* WHAT THE TASK ASKS
Once you reach the line with "A reverse image" in the material below, copy each line exactly up to and including the line with "WV30QT, Easycare Woodsman, Quart, Clear, SemiGloss", and skip the pictures.

### EXTRACTED INFORMATION ###

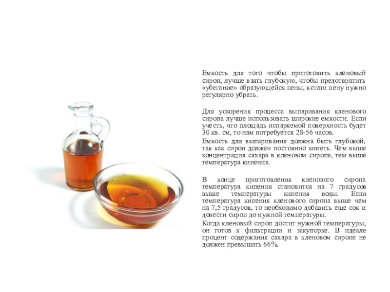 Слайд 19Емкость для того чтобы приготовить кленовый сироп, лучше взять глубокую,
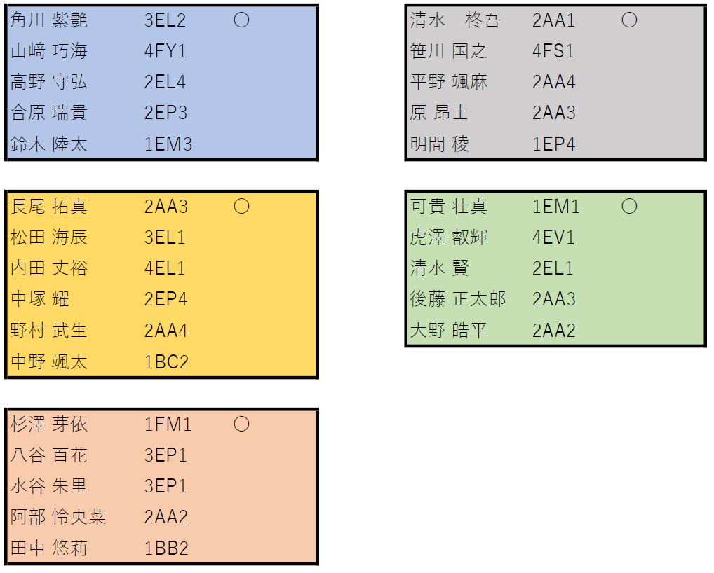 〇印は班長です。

###
### EXTRACTED INFORMATION ###

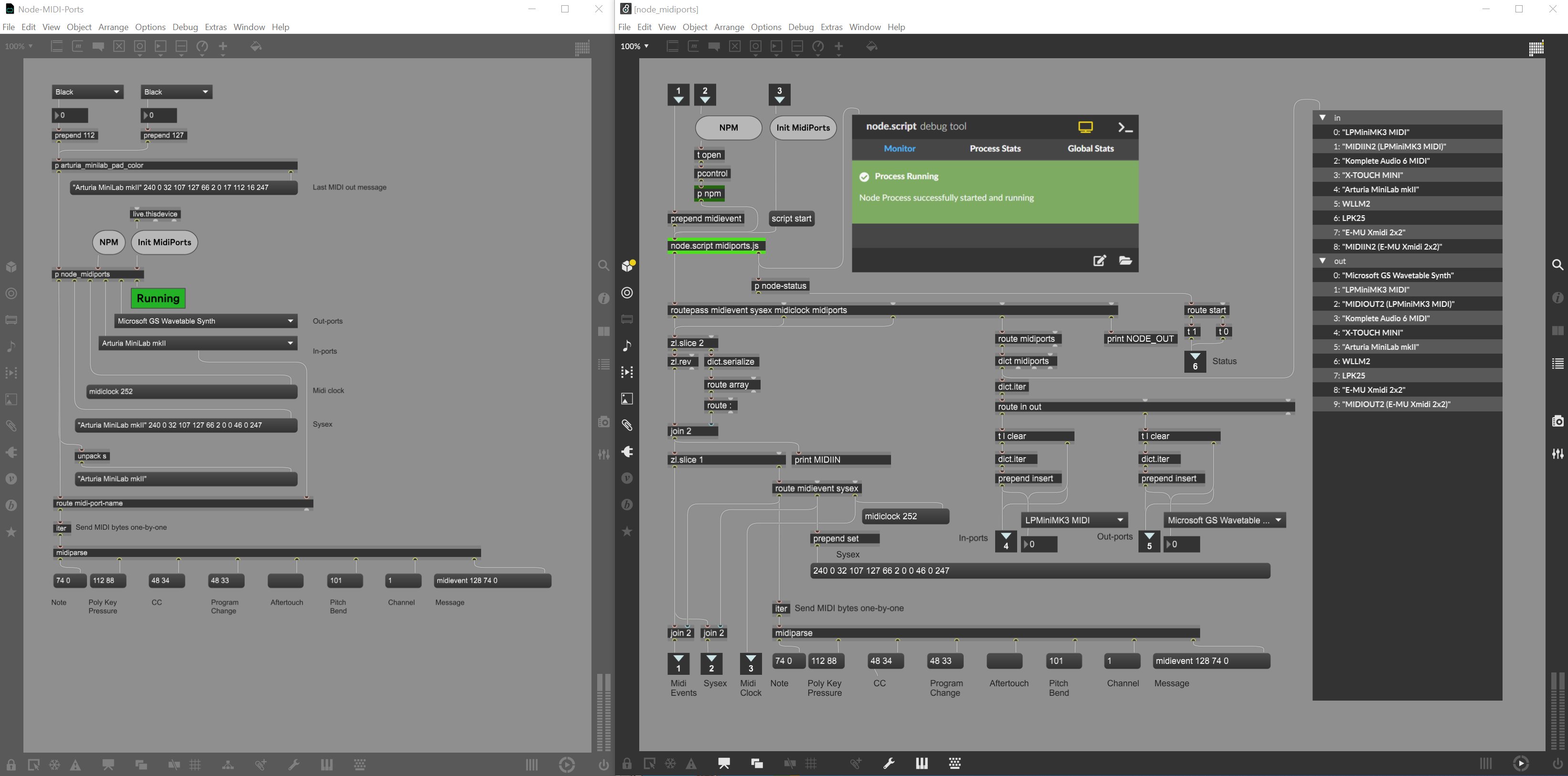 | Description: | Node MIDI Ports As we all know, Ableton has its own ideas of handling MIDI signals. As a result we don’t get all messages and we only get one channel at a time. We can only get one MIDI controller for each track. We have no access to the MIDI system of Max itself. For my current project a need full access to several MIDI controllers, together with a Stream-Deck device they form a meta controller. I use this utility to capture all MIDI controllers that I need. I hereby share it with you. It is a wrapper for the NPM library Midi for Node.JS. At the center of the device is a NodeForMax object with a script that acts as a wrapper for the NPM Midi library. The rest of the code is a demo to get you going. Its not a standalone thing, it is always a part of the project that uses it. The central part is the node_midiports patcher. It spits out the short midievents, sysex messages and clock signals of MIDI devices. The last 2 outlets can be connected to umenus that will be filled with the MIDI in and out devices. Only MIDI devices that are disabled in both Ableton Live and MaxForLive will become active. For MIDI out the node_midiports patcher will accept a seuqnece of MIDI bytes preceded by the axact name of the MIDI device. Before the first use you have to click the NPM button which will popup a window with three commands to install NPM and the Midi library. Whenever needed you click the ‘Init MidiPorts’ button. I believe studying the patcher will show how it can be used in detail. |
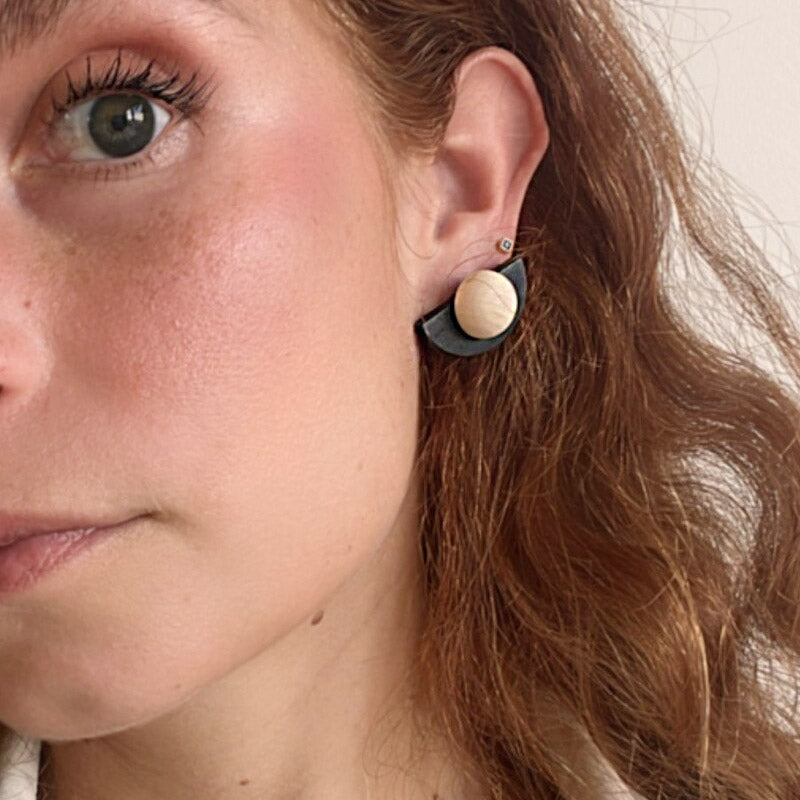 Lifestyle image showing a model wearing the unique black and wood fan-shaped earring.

###
### EXTRACTED INFORMATION ###

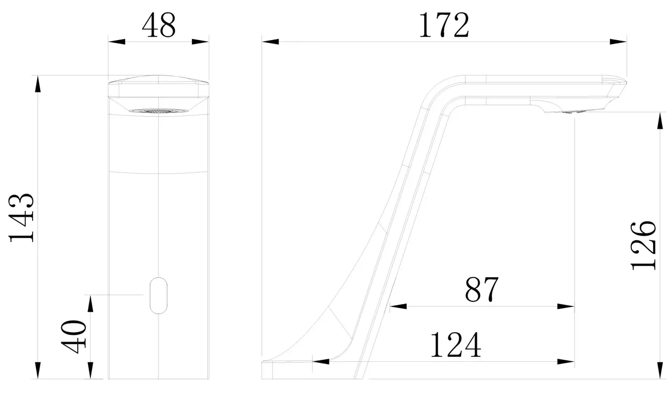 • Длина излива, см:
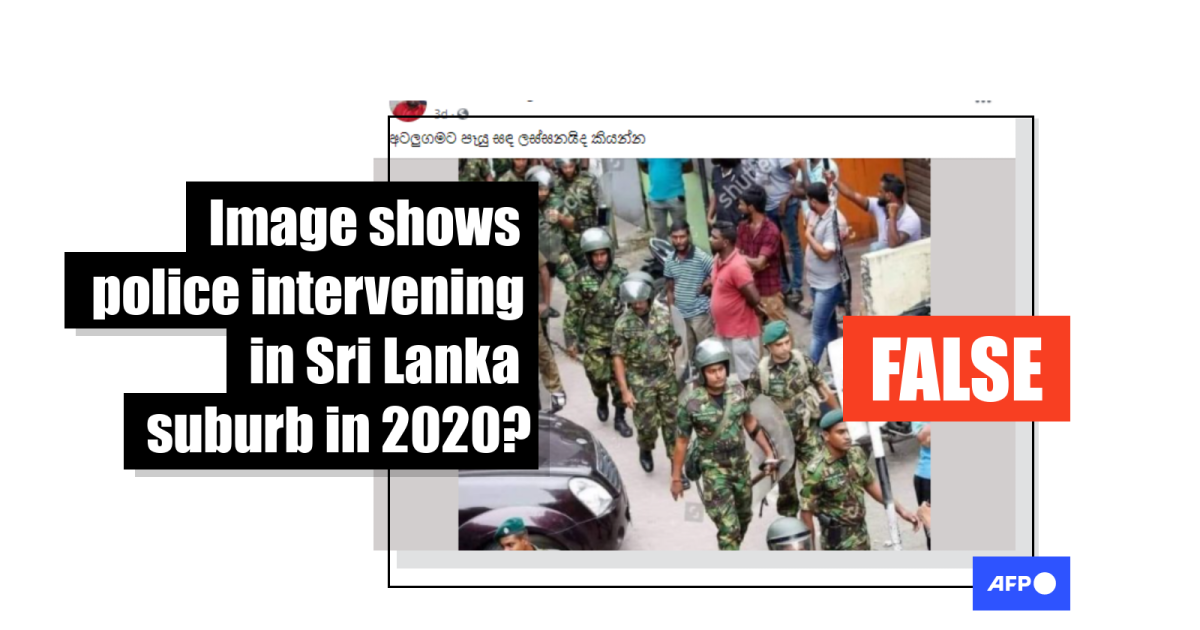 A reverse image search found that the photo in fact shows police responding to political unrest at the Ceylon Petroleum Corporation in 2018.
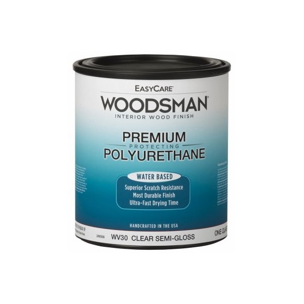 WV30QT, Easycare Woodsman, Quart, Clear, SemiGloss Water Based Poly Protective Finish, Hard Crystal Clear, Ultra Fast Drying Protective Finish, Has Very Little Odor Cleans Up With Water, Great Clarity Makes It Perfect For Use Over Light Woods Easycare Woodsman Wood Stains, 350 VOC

###

* REPLY TO THE TASK
 A reverse image search found that the photo in fact shows police responding to political unrest at the Ceylon Petroleum Corporation in 2018.
 WV30QT, Easycare Woodsman, Quart, Clear, SemiGloss Water Based Poly Protective Finish, Hard Crystal Clear, Ultra Fast Drying Protective Finish, Has Very Little Odor Cleans Up With Water, Great Clarity Makes It Perfect For Use Over Light Woods Easycare Woodsman Wood Stains, 350 VOC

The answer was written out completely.